== TASK INSTRUCTIONS ==
For this exercise, please transcribe exactly and only the lines from the one containing "Treasures of the" through the end of the material, both ends included, without pictures.

== RECORDS FOR THIS EXERCISE ==
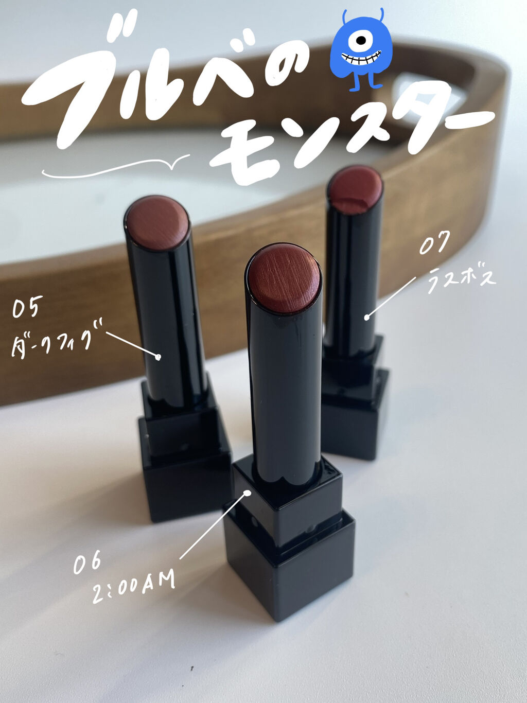\パーソナルカラー別/ ブルベ〜ニュートラルカラーの リップモンスター13種比較です🙌🏻 01欲望の塊 ブルベ夏 02Pinkbanana 1stイエベ春2ndブルベ夏 黄み肌ブルベでもやや黄み強めに感じました! 05ダークフィグ ブルベ夏...
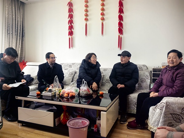 (本网讯 姜婵娟)2月10日上午,孝感市侨联党组书记、主席陈娟,党组成员、副主席厉天福一行来校慰问侨眷蔡忠福、汪训珍和陈自书、付学清夫妇。学校党委统战部部长田寿永、学校侨联主席程瑛参加活动。
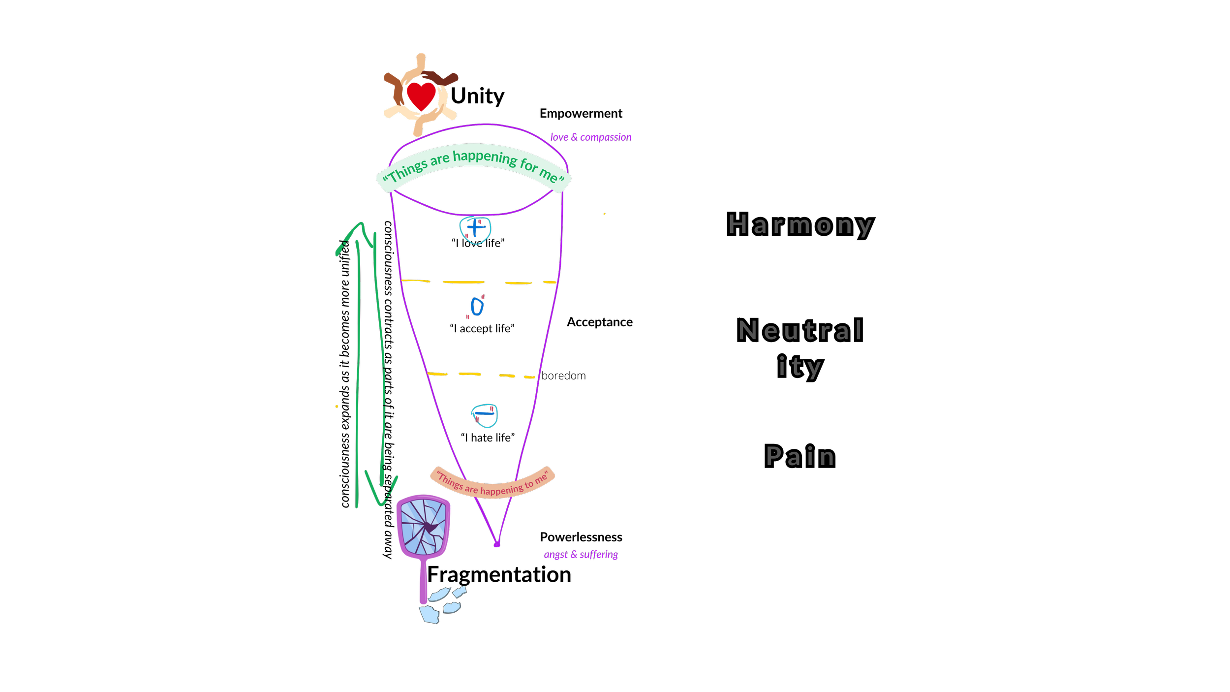 It’s the movement from “-” to “+” through the zero ground (=> acceptance) in the energetical spectrum or shall I say the emotional continuum.
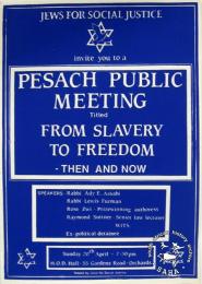 This poster is silkscreened blue with white text, produced for Jews for Social Justice by the STP in 1986, Johannesburg. This poster advertises a progressive Jewish group holding a meeting to focus on the universal struggle for freedom. The text reads “JEWS FOR SOCIAL JUSTICE invite you to a PESACH PUBLIC MEETING Titled : FROM SLAVERY TO FREEDOM - THEN AND NOW”Digitised by Specialised Archival Solutions in 2009. Reproduced in "Images of Defiance: South African Resistance posters in the 1980s" on page 99 (number 185) of the 1991 SAHA / Ravan Press edition. |
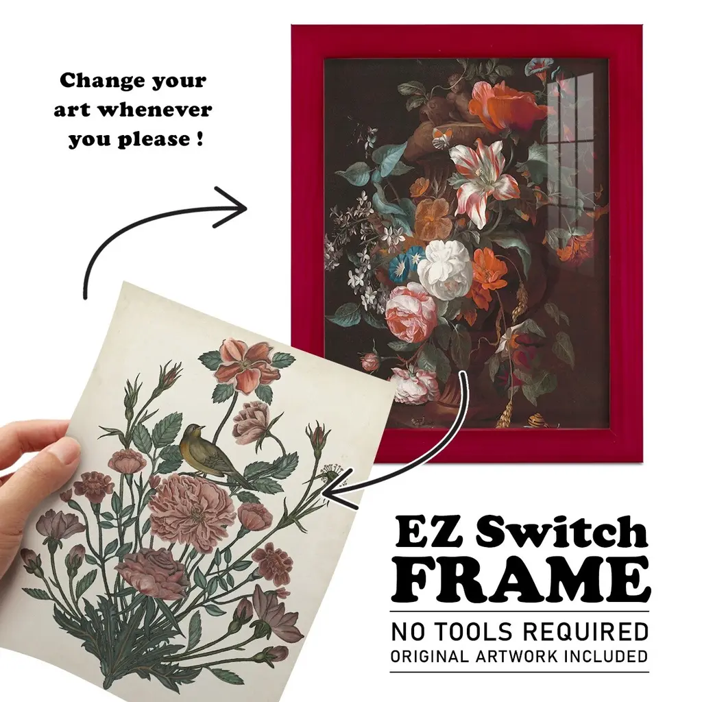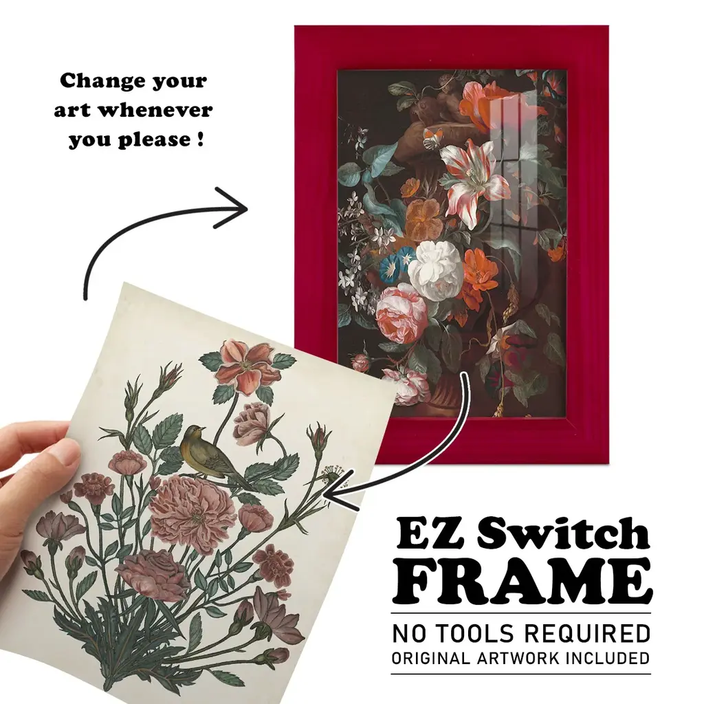 Treasures of the Earth II -EZ SWITCH Framed Print w/glass-Cherry Red A delightful, framed print. Featuring a solid wood frame with real wood glass. This premium print is giclee quality. In addition, every frame features a removable back and table top stand. This allows you to change your art in the future or to just stand the art on a table for a new look. We are sure you'll enjoy our new series of EZ SWITCH Framed Art. Solid Wood Frame Real Glass Removable / Replaceable Art Built in Tabletop Stand Sizes range from 4x6 up to 12x15 - buy just one or pair them up as sets as you see fit.
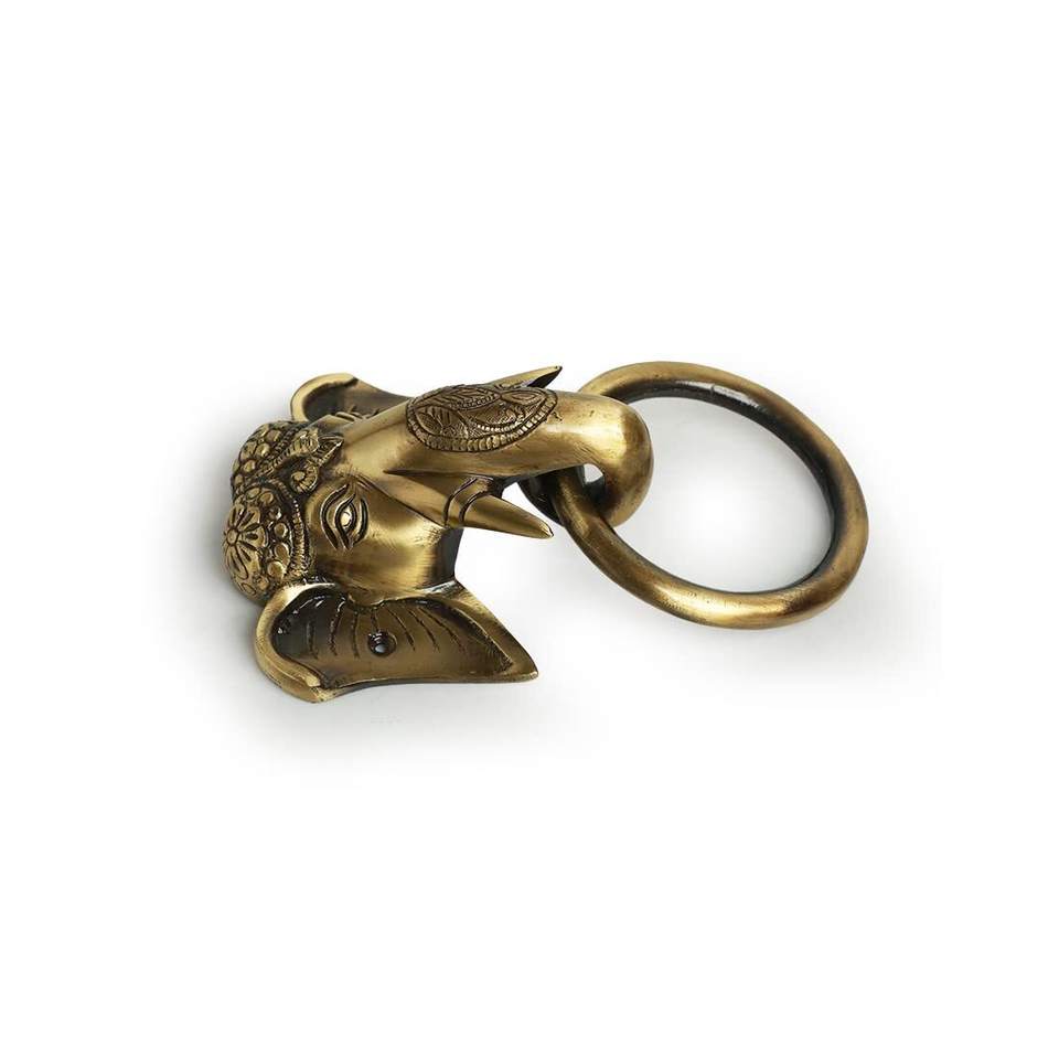 Diseño de cara de elefante fundido sólido, aldaba de latón fundido de puerta, timbre de puerta, tirador decorativo para el hogar, suministros para puertas delanteras al aire libre

== WRITTEN SOLUTION ==
 Treasures of the Earth II -EZ SWITCH Framed Print w/glass-Cherry Red A delightful, framed print. Featuring a solid wood frame with real wood glass. This premium print is giclee quality. In addition, every frame features a removable back and table top stand. This allows you to change your art in the future or to just stand the art on a table for a new look. We are sure you'll enjoy our new series of EZ SWITCH Framed Art. Solid Wood Frame Real Glass Removable / Replaceable Art Built in Tabletop Stand Sizes range from 4x6 up to 12x15 - buy just one or pair them up as sets as you see fit.
 Diseño de cara de elefante fundido sólido, aldaba de latón fundido de puerta, timbre de puerta, tirador decorativo para el hogar, suministros para puertas delanteras al aire libre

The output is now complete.